Optum Responsible AI (RAI) compliance
Responsible AI compliance requirements for Optum AI/ML development, covering AIRB submission, shadow mode pilots, RAI risk tiers, and governance processes.
Optum Responsible AI (RAI) Compliance
This instruction file provides guidance for developing AI/ML solutions that comply with Optum's Responsible AI (RAI) framework and AIRB (AI Review Board) requirements.
Overview
All AI/ML applications at Optum must follow the RAI Development Guide v3.0 and obtain AIRB approval before production deployment. This includes:
- LLM-based applications (chatbots, copilots, agents)
- Traditional ML models (classification, regression, clustering)

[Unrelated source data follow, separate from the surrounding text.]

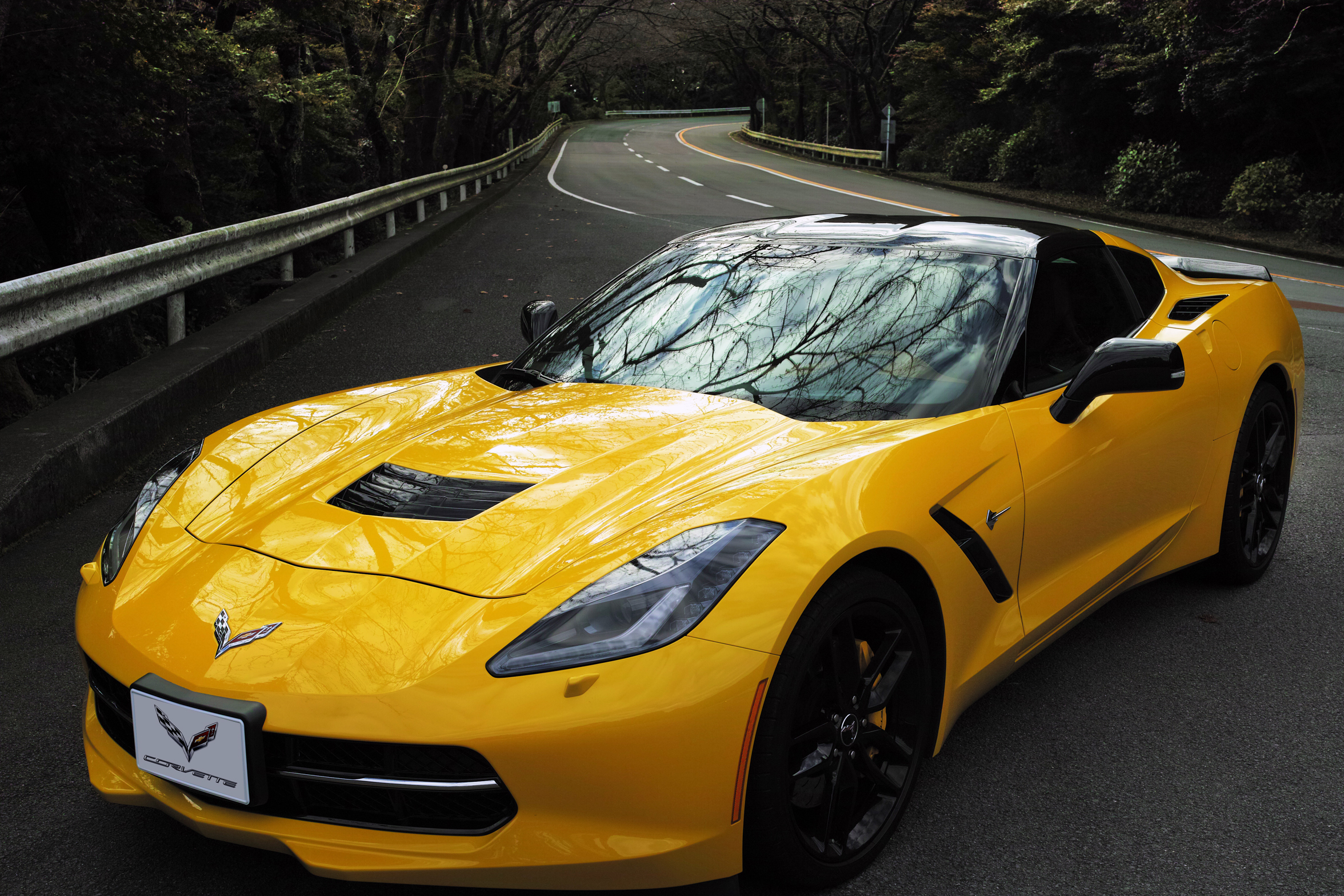 C7 Corvette Stingray Z51 2014 Front view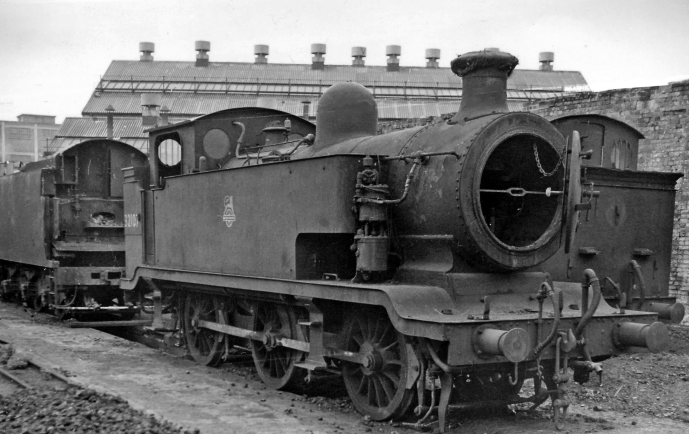 Abandoned ex-LB&SC 0-6-0T at Bricklayer's Arms Depot. L. Billinton class E2 0-6-0T No. 32107 seems in April 1959 to be abandoned but was not actually condemned until 2/61; it was built 3/16. Like most of the other nine of the class, it had worked on shunting and station pilot duties in the London area.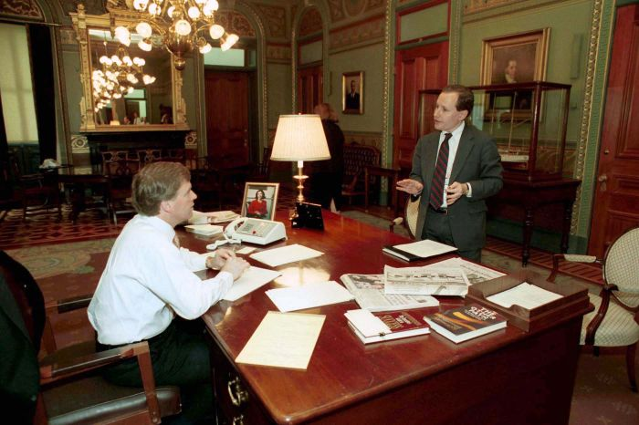 Vice President Quayle meets with his Chief of Staff, William Kristol.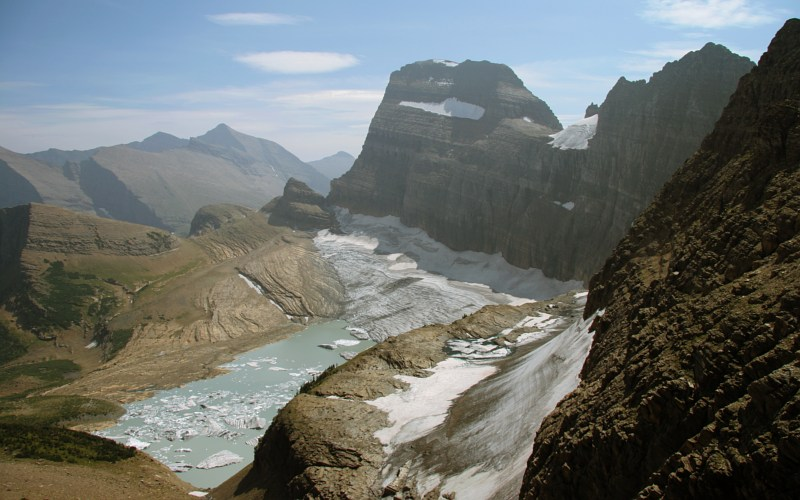 Grinnell Glacier in Glacier National Park (US) is in the center background. The pro-glacial lake is due to massive retreat of the glacier in recent decades. Another smaller glacier known as the Salamander is in the lower right of the image. At one time in the past, these two glaciers were connected.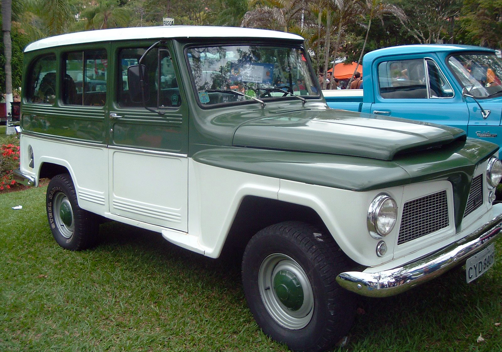 1969-1974 Ford F75 Rural (Willys-based)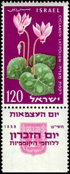 Eleventh Independence Day stamp - 120 mil - Cyclamen Latifolium. Inscription on tab: "The Eleventh Independence Day", "Memorial Day for the Fighters for Independence"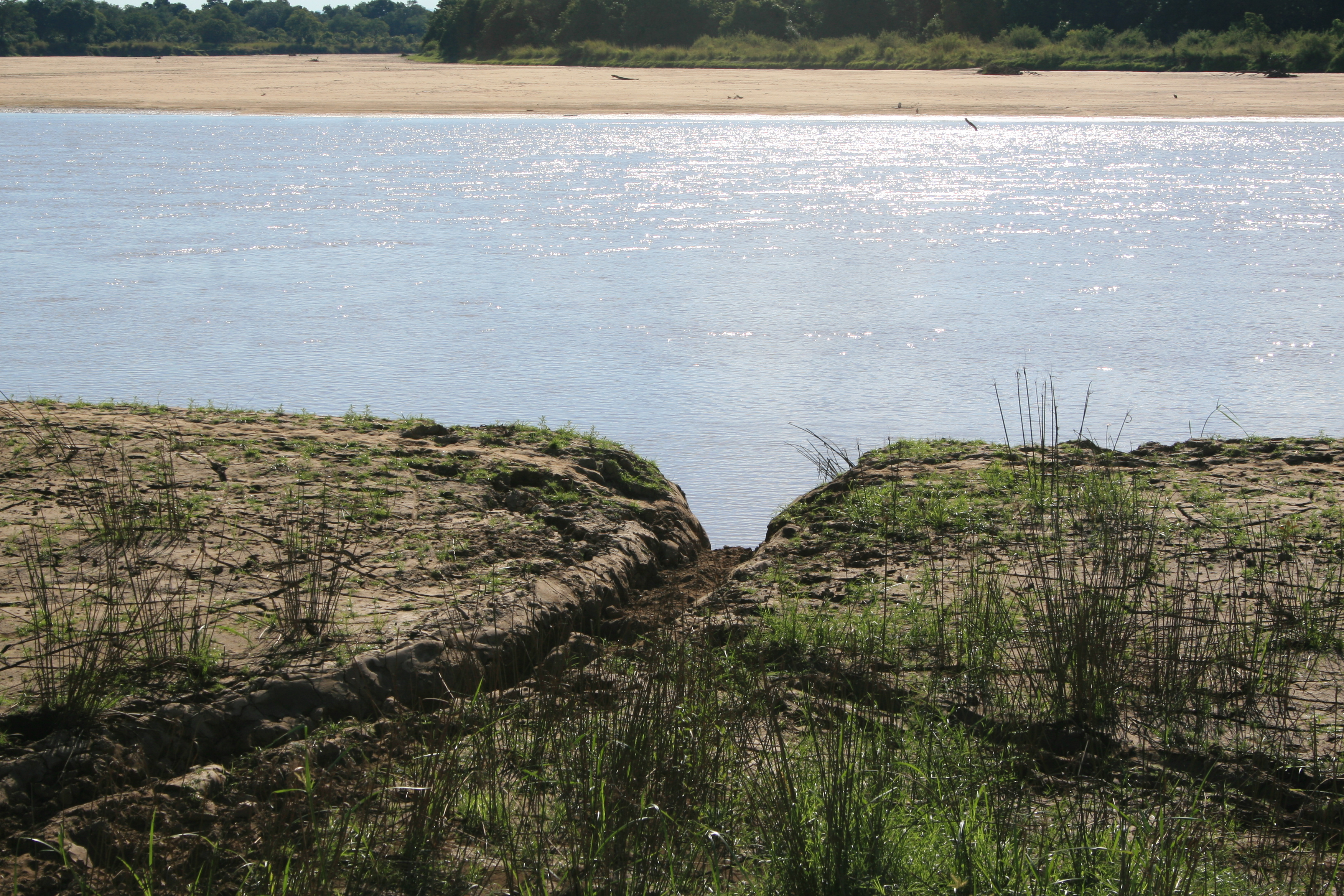 Hippopotamus Trail, Luangwa River, Zambia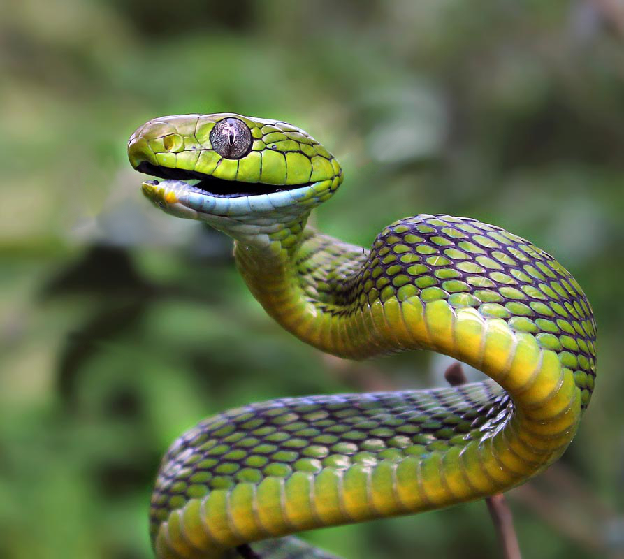 Body color is green whereas color of lower jaw is cyan. long prehensile tail that makes it pure arboreal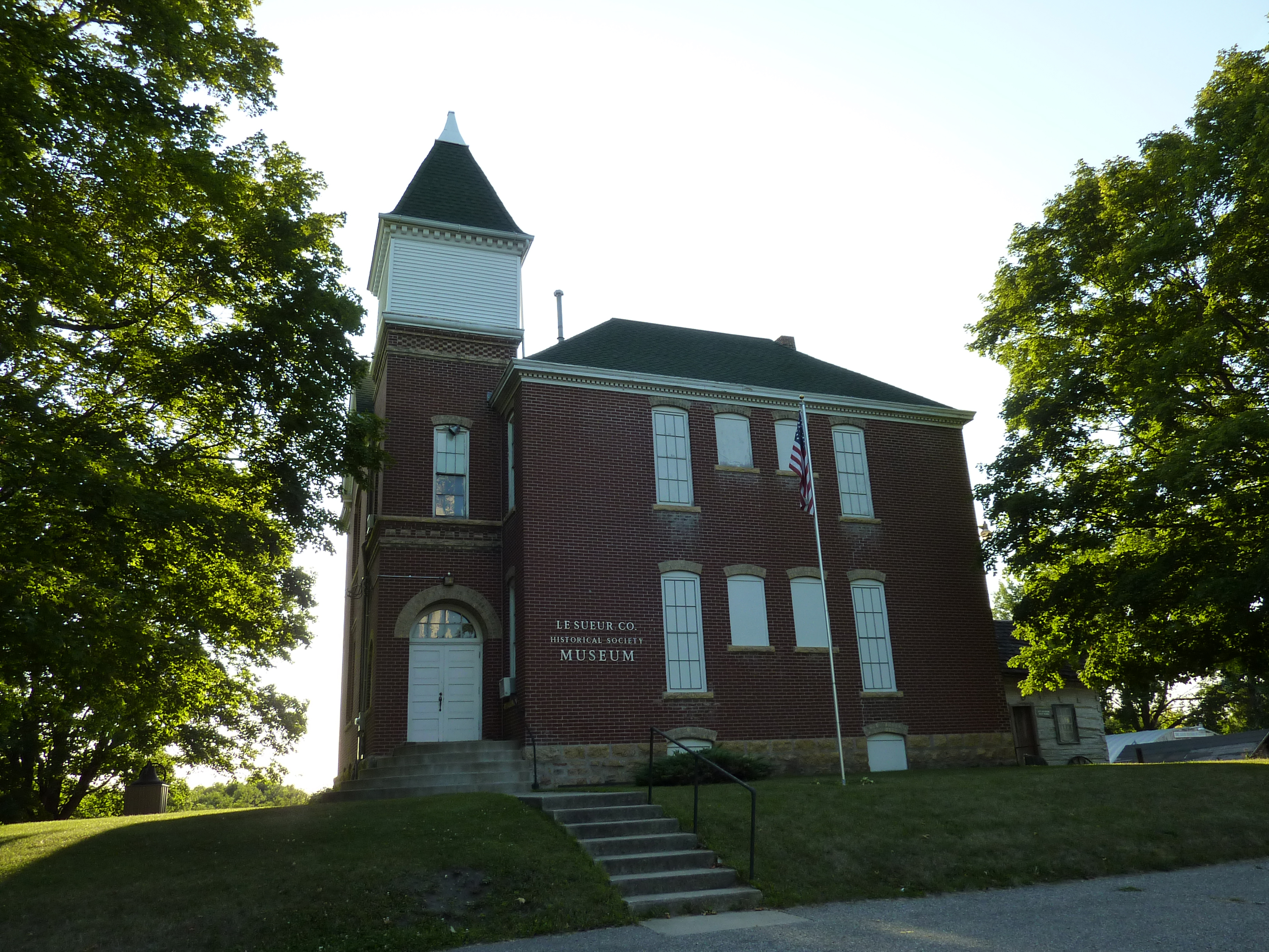 Elysian Public School building, now part of the Le Sueur County Historical Society, Elysian, Minnesota, USA.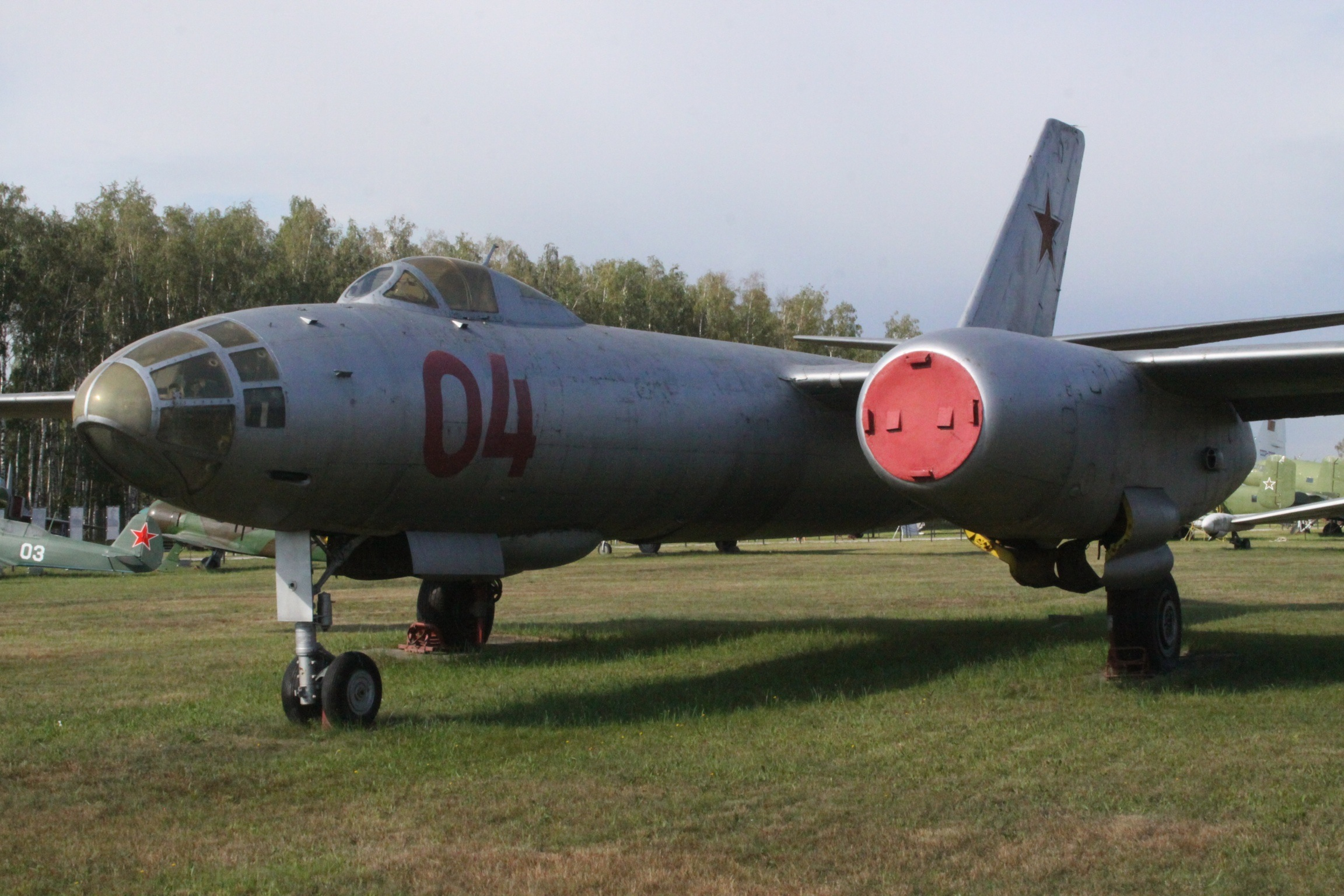 At Monino Museum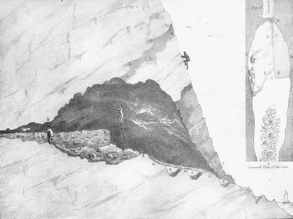 Goat's Hole, Wales - The "Red Lady of Paviland" was excavated here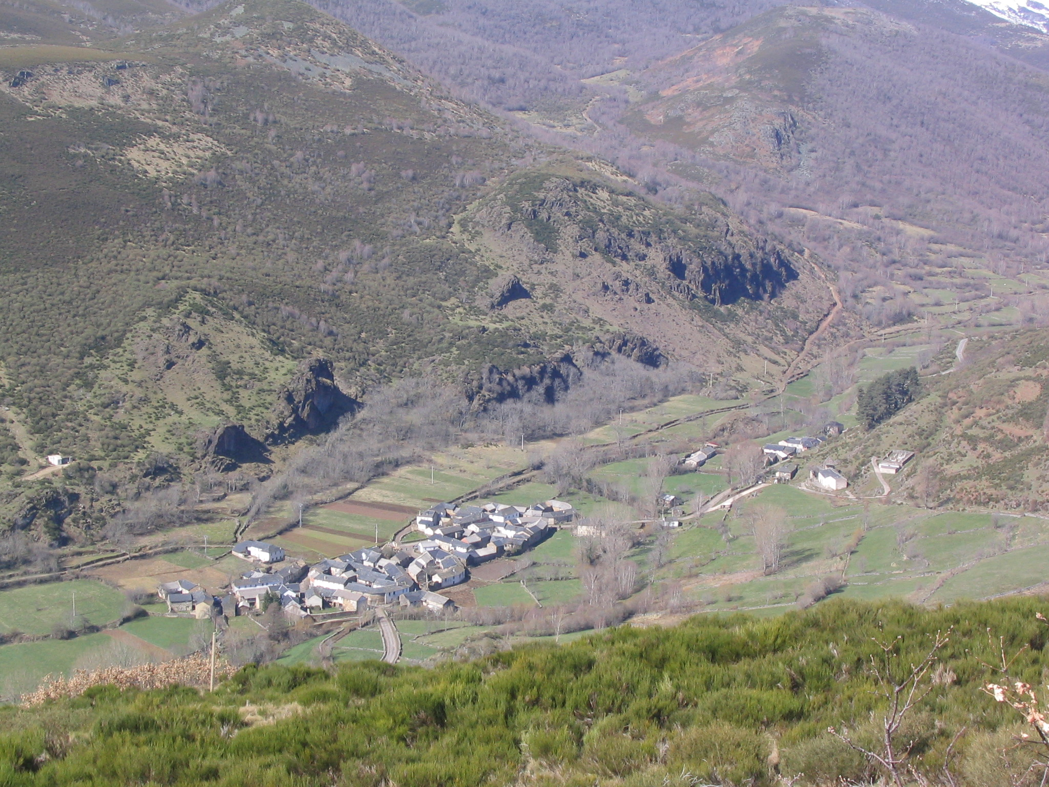 Vegapujín, León, España. View from NE. At the back side of the village we can see la Peñina, la Peñona and Peña Ferrera. Even the whole Guariza, mountain of birchs.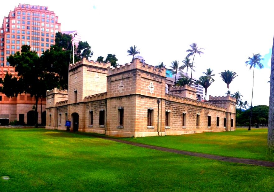 Iolani Barracks Fall 2011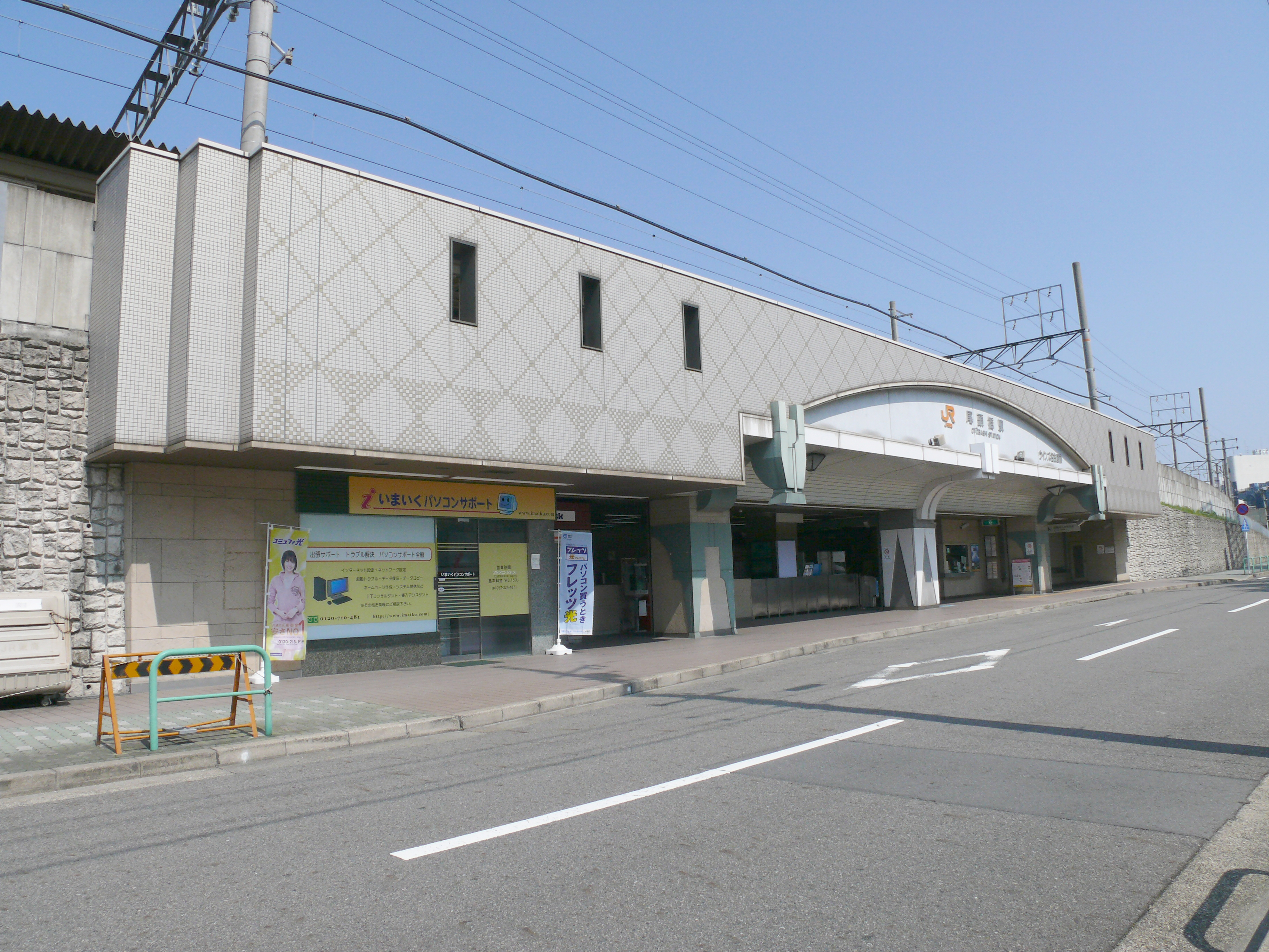 JR Central of Otobashi Station.

- Decision support systems with AI components
- Automated data processing with AI/ML
RAI Risk Tiers
Tier 1: Low Risk
- Definition: No direct impact on member care or business decisions
- Examples: Internal productivity tools, code generation assistants, documentation generators
- Review: Lightweight AIRB review, self-certification allowed
- Timeline: 1-2 weeks
Tier 2: Medium Risk
- Definition: Indirect impact on operations or member experience
- Examples: Care coordination assistants, claims processing aids, provider search enhancements
- Review: Standard AIRB review with testing requirements
- Timeline: 4-6 weeks
Tier 3: High Risk
- Definition: Direct impact on member health, coverage, or financial decisions
- Examples: Clinical decision support, coverage determination, fraud detection
- Review: Full AIRB review with ongoing monitoring
- Timeline: 8-12 weeks
AIRB Submission Process
1. Pre-submission checklist
Before submitting to AIRB:
# Include this metadata in your project
airb_submission:
risk_tier: 'tier-2' # tier-1 | tier-2 | tier-3
use_case: 'Terraform plan risk analysis for infrastructure changes'
data_types:
- configuration_files
- infrastructure_state
phi_handling: 'none' # none | de-identified | full
pii_risk: 'low' # low | medium | high
decision_type: 'advisory' # advisory | automated | human-in-loop
shadow_mode_eligible: true
2. Required documentation
Technical documentation:
- System architecture diagram
- Data flow diagram (inputs, processing, outputs)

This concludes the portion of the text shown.